[PROMPT]
Give back only the lines in the records below from the one with "I gave the entire" to the one with "в платье рисунок]()", both inclusive, word for word.

[SOURCE INFORMATION]

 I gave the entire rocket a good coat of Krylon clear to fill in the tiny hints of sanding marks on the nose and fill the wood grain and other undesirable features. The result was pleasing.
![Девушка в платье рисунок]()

==

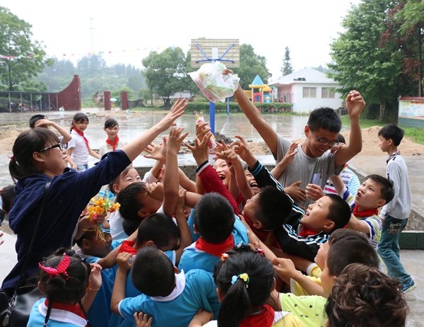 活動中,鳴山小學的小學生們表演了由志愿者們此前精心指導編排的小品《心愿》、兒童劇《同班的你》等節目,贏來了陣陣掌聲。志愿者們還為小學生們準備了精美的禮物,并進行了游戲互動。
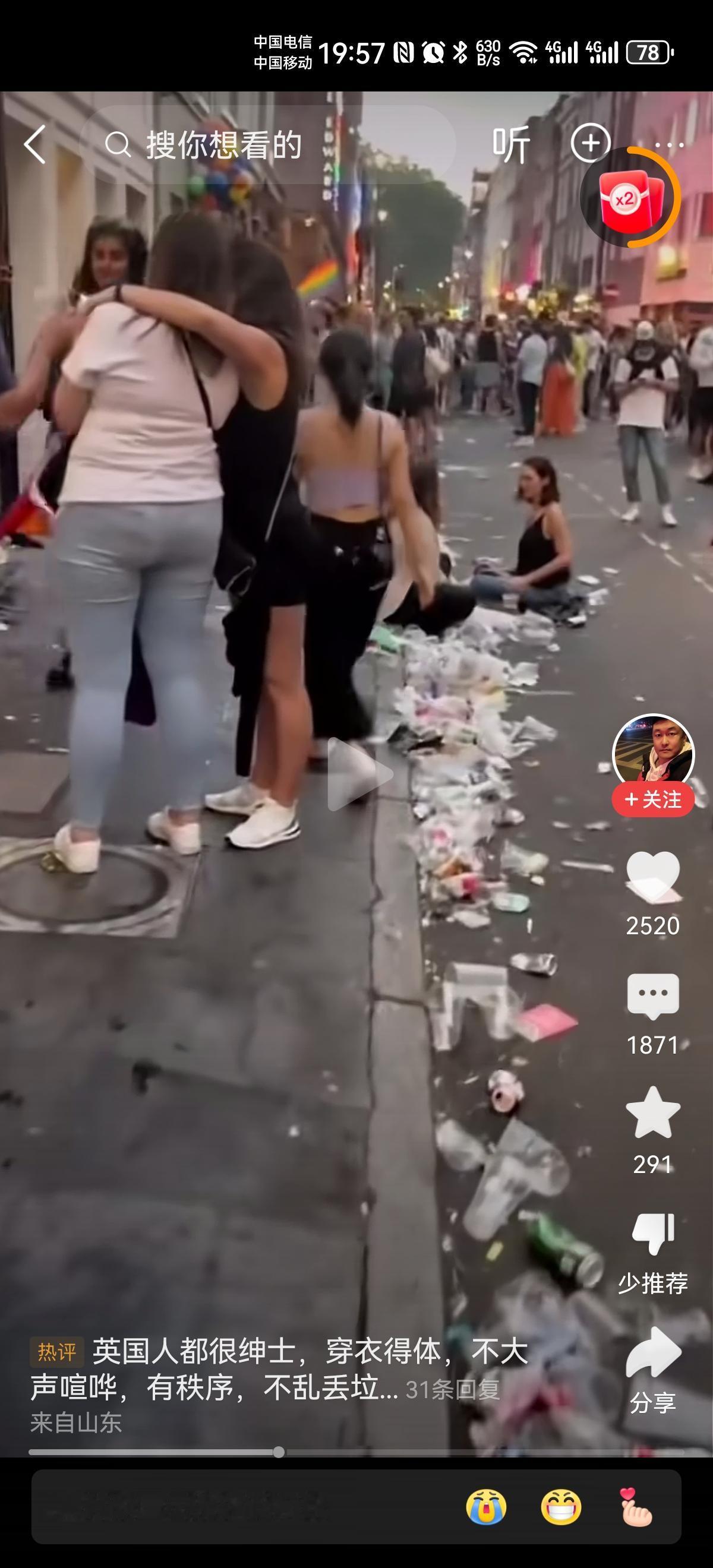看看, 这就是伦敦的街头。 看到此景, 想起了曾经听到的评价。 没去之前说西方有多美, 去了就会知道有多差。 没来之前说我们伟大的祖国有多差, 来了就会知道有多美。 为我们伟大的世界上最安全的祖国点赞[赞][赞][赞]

[RESPONSE BELOW]
 I gave the entire rocket a good coat of Krylon clear to fill in the tiny hints of sanding marks on the nose and fill the wood grain and other undesirable features. The result was pleasing.
![Девушка в платье рисунок]()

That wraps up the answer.